Give back each record precisely, pictures excluded.

---- Data provided

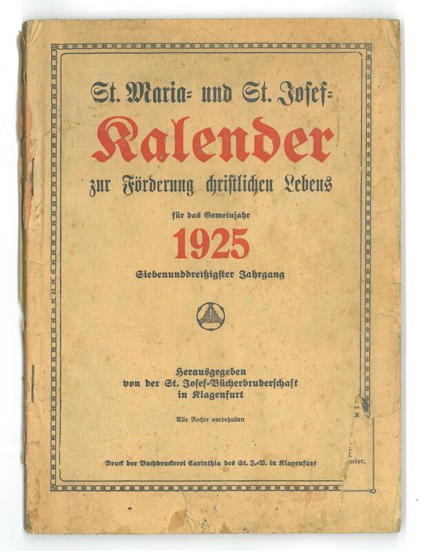 Das Heft ist stark beschädigt, v.a. am Einband; Es sind Bleistift-Notizen auf den Kalenderseiten zu finden; Im Heft sind wenige Bilder und auch Werbung abgedruckt.
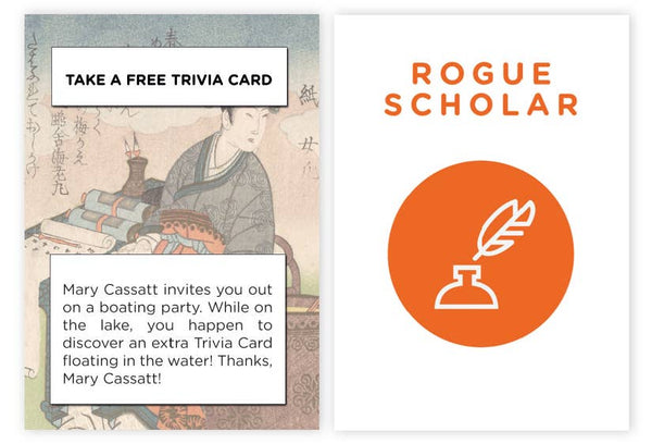 Box contains 300 Trivia Cards, 45 Artwork Cards, 36 Rogue Scholar Cards, and instruction sheet
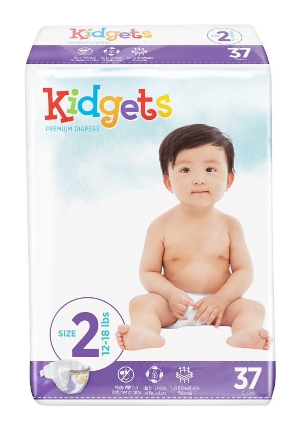 Kidgets Premium Baby Diapers, 2 (37 ct)
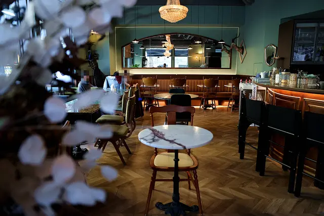 華麗的水晶吊燈與精緻的大理石桌面 白天優雅舒適 晚上浪漫迷人 讓這裡成為不少網美、網帥拍照的夢幻場景
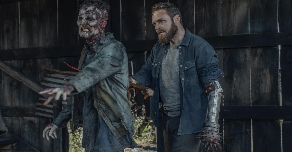 El grupo lleva los caballos a Hilltop. Parece que lo han limpiado. Reconocen a su propia gente como caminantes: ¡es otro gran trabajo de Nicotero con muchos héroes caminantes! Se dispusieron a matar a sus amigos. Anderson es especialmente bueno aquí, ya que la desesperación de Jerry es claramente visible en su rostro.
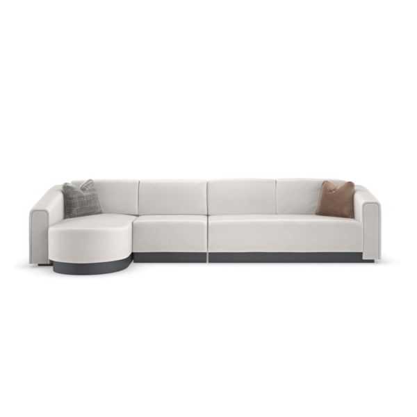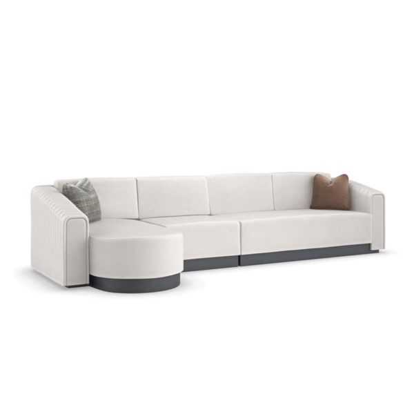 A minimalist design with distinct Euro-modern style, this four-piece sectional is architectural, yet softly rounded for a luxurious lounging experience. Expertly tailored in a brushed twill performance fabric, it features a quilted channel detail along the outback and arms, with inset front panels for added flair. Boxed accent pillows bring a pop of color, contrast, and pattern. Adding depth and dimension: a recessed plinth base in a rich Iron Ore finish.
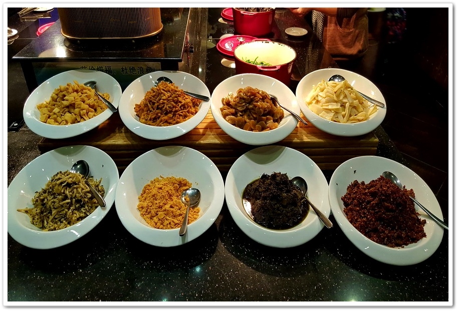 酸菜、肉脯、菜心、脆筍等一些配清粥的菜色
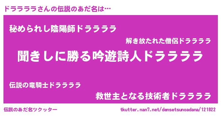 | 女子向けラノベタイトル風あだ名 | 『ドララララが死なない童話 林檎のドララララの診療簿』 |
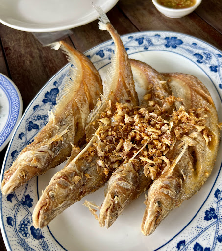 เมนูที่ 3 ทอดมันปลากราย อีกเมนูที่ทำเราประหลาดใจ ทางร้านทอดมาได้ดีมาก ไม่อมน้ำมัน และถ้าคุณเห็นตามรูป ใช่ครับมาเป็นชิ้นหนาๆใหญ่ๆแบบนั้นเลย เนื้อเด้งเนียน ใช้ช้อนตักก็เด้งสู้ช้อน เข้าปากก็เด้งสู้ฟัน ฟีลเหนียวนุ่มเด้งแบบปลากรายแท้ๆที่หาได้ยาก ส่วนรสชาติเผ็ดเค็มหวานแบบละมุนกลิ่นเครื่องแกงค่อนข้างชัด เป็นทอดมันปลากรายในอุดมคติของใครหลายหลายคน

--------

**Task result:**
 Das Heft ist stark beschädigt, v.a. am Einband; Es sind Bleistift-Notizen auf den Kalenderseiten zu finden; Im Heft sind wenige Bilder und auch Werbung abgedruckt.
 Box contains 300 Trivia Cards, 45 Artwork Cards, 36 Rogue Scholar Cards, and instruction sheet
 Kidgets Premium Baby Diapers, 2 (37 ct)
 華麗的水晶吊燈與精緻的大理石桌面 白天優雅舒適 晚上浪漫迷人 讓這裡成為不少網美、網帥拍照的夢幻場景
 El grupo lleva los caballos a Hilltop. Parece que lo han limpiado. Reconocen a su propia gente como caminantes: ¡es otro gran trabajo de Nicotero con muchos héroes caminantes! Se dispusieron a matar a sus amigos. Anderson es especialmente bueno aquí, ya que la desesperación de Jerry es claramente visible en su rostro.
 A minimalist design with distinct Euro-modern style, this four-piece sectional is architectural, yet softly rounded for a luxurious lounging experience. Expertly tailored in a brushed twill performance fabric, it features a quilted channel detail along the outback and arms, with inset front panels for added flair. Boxed accent pillows bring a pop of color, contrast, and pattern. Adding depth and dimension: a recessed plinth base in a rich Iron Ore finish.
 酸菜、肉脯、菜心、脆筍等一些配清粥的菜色
 | 女子向けラノベタイトル風あだ名 | 『ドララララが死なない童話 林檎のドララララの診療簿』 |
 เมนูที่ 3 ทอดมันปลากราย อีกเมนูที่ทำเราประหลาดใจ ทางร้านทอดมาได้ดีมาก ไม่อมน้ำมัน และถ้าคุณเห็นตามรูป ใช่ครับมาเป็นชิ้นหนาๆใหญ่ๆแบบนั้นเลย เนื้อเด้งเนียน ใช้ช้อนตักก็เด้งสู้ช้อน เข้าปากก็เด้งสู้ฟัน ฟีลเหนียวนุ่มเด้งแบบปลากรายแท้ๆที่หาได้ยาก ส่วนรสชาติเผ็ดเค็มหวานแบบละมุนกลิ่นเครื่องแกงค่อนข้างชัด เป็นทอดมันปลากรายในอุดมคติของใครหลายหลายคน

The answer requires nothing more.